Do you get any activity at all when you push the power button? Does the CPU fan spin? Do you see any lights?


----------



## MarvinSeven (Nov 18, 2010)

Tyree said:


> Do you get any activity at all when you push the power button? Does the CPU fan spin? Do you see any lights?


Nope.
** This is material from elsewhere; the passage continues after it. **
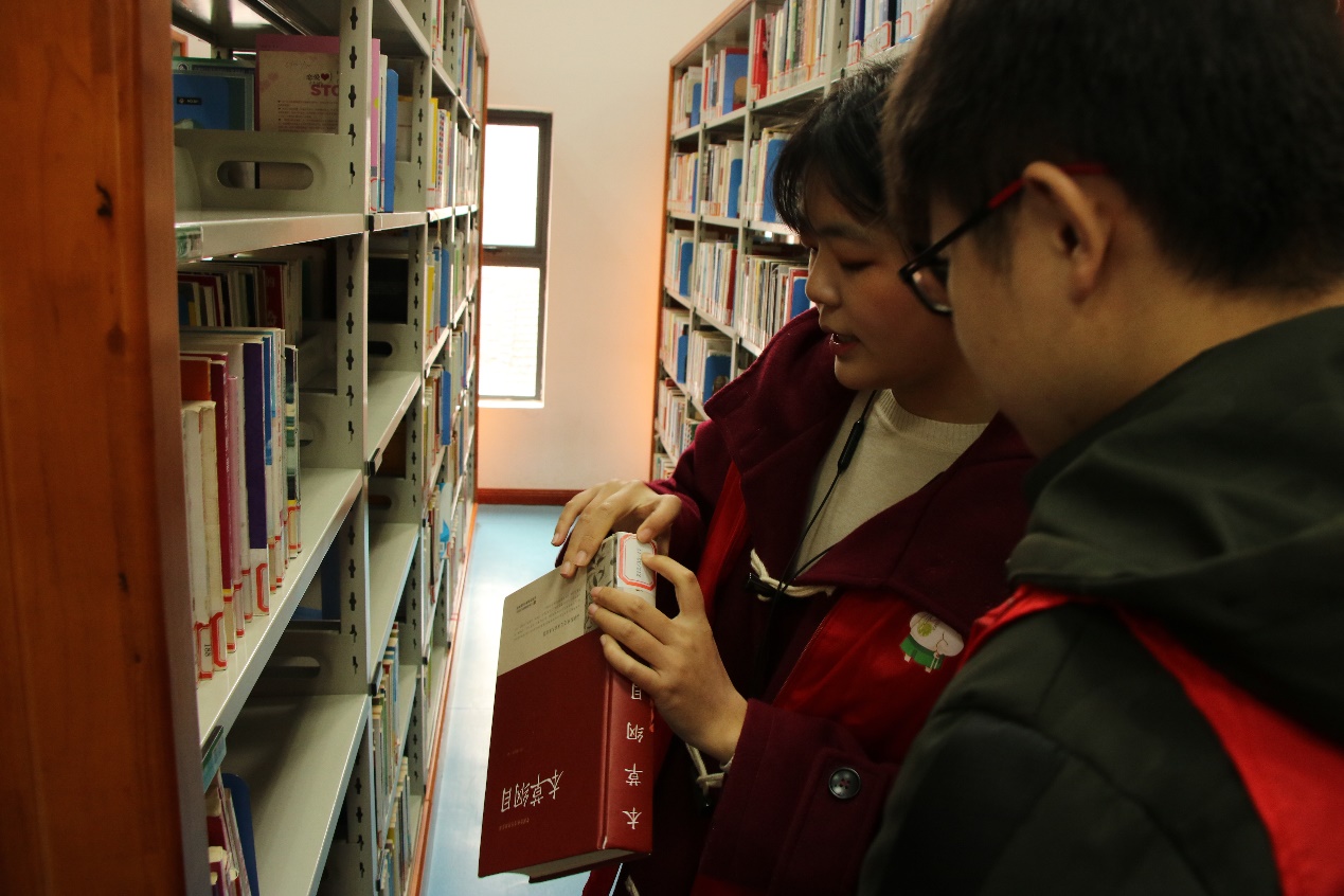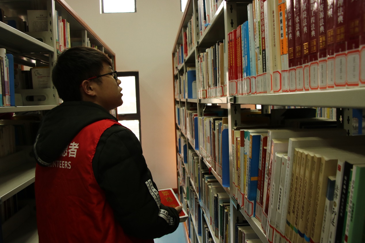 待图书馆工作人员向他们讲述如何“上书”后,他们开始自己动手整理书籍顺序,码齐书刊。志愿者们身着整齐的红色志愿者服装,穿梭在银白书架间,形成一道亮丽的风景线。志愿者们不辞辛苦地整理图书,身上散发出青春的热情与活力。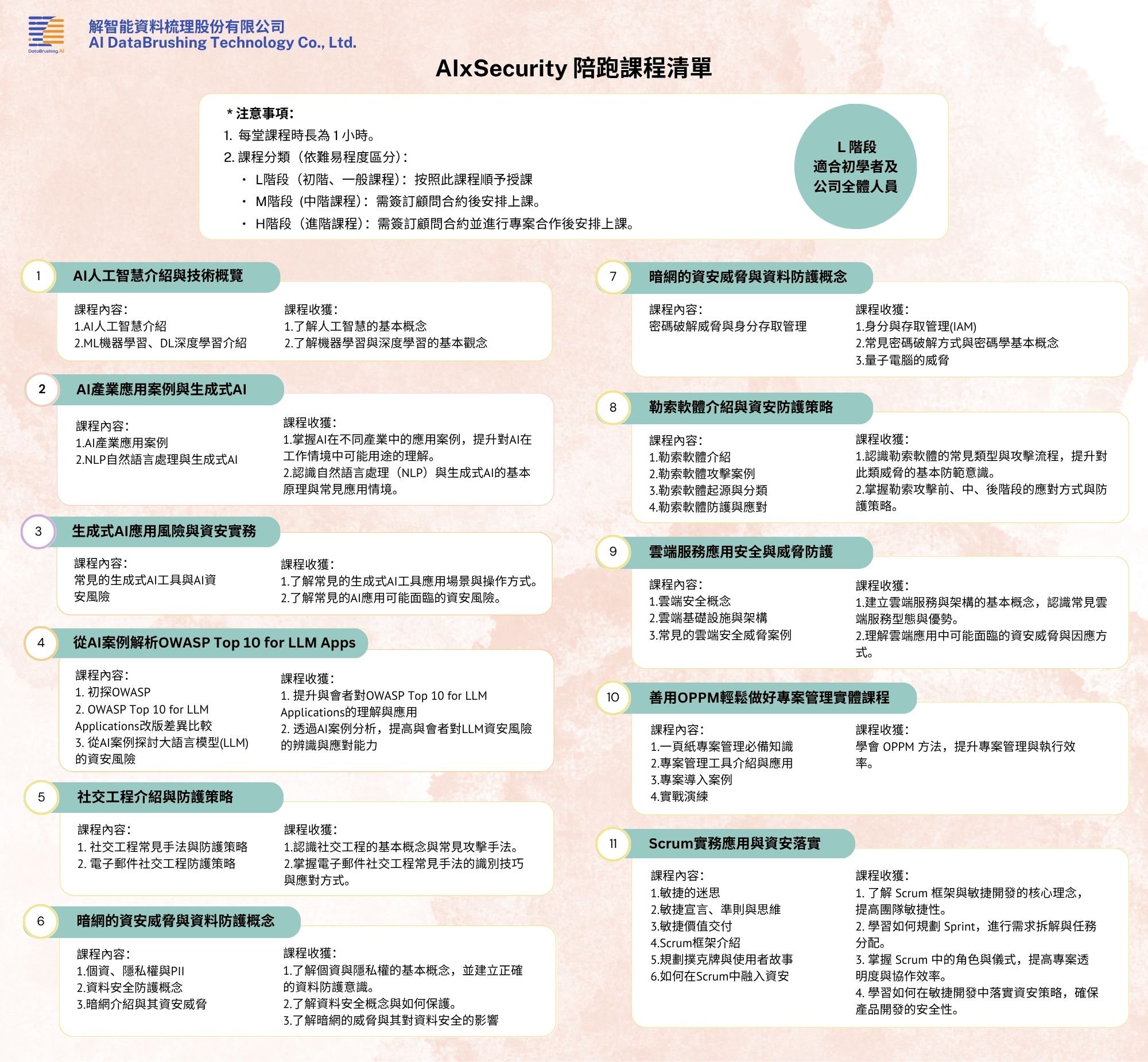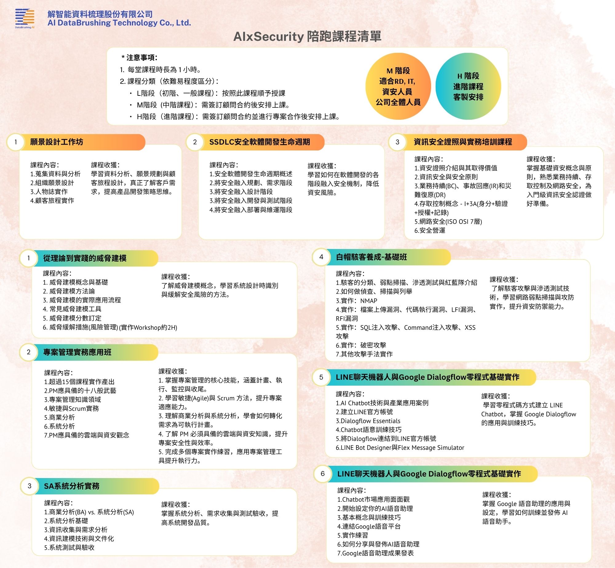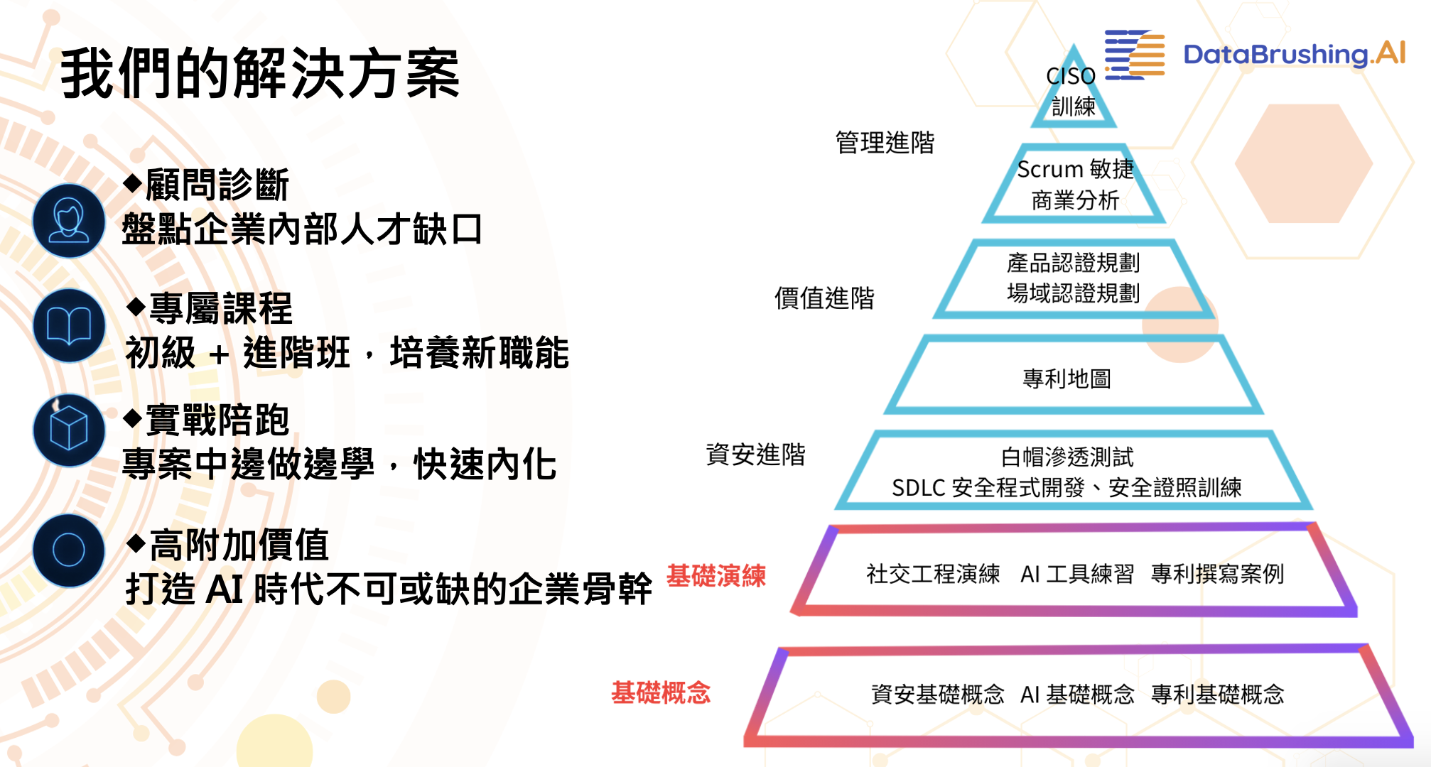 AI 導入策略規劃、AI 教育訓練與能力建構、資料治理與資料清洗規劃、智慧製造與資安應用顧問服務

The Fan Not Spin and i see only light in front of case...


----------



## Tyree (May 10, 2009)

Most likely a failed PSU. Do you have or can you borrow a known good PSU to try?


----------



## MarvinSeven (Nov 18, 2010)

do you have a picture of EG31M V.1.0 MOTHERBOARD?

help me where i can put the Power On chord because its connect in Power Supply

or add me in YM [email protected] or pm me i can add you

so i can show you what is my problem thanks...


----------



## makinu1der2 (Jan 1, 2008)

You can find the Service Guide below.

*Aspire M5630/M3630 Service Guide*


----------



## MarvinSeven (Nov 18, 2010)

By the way chord of power on is PSU i know the power on is in Board right??
but the power on of this PC connect in PSU.


----------



## MarvinSeven (Nov 18, 2010)

To: Makinu1der2:
i need Motherboard Manual that i know where i can put the Power on OR Switch on of EG31M v.1.0 Board the Power On is unplug right now but i dont know where can i put this...


----------



## MarvinSeven (Nov 18, 2010)

i mean Power On Panel where can i find it????


----------



## makinu1der2 (Jan 1, 2008)

You should be able to find the F-panel pins either below the SATA connectors or look

below the IDE connectors.

With the guide I linked you to earlier the pin assignment should be located on pg.73


----------



## MarvinSeven (Nov 18, 2010)

Thank You Very Much dude


----------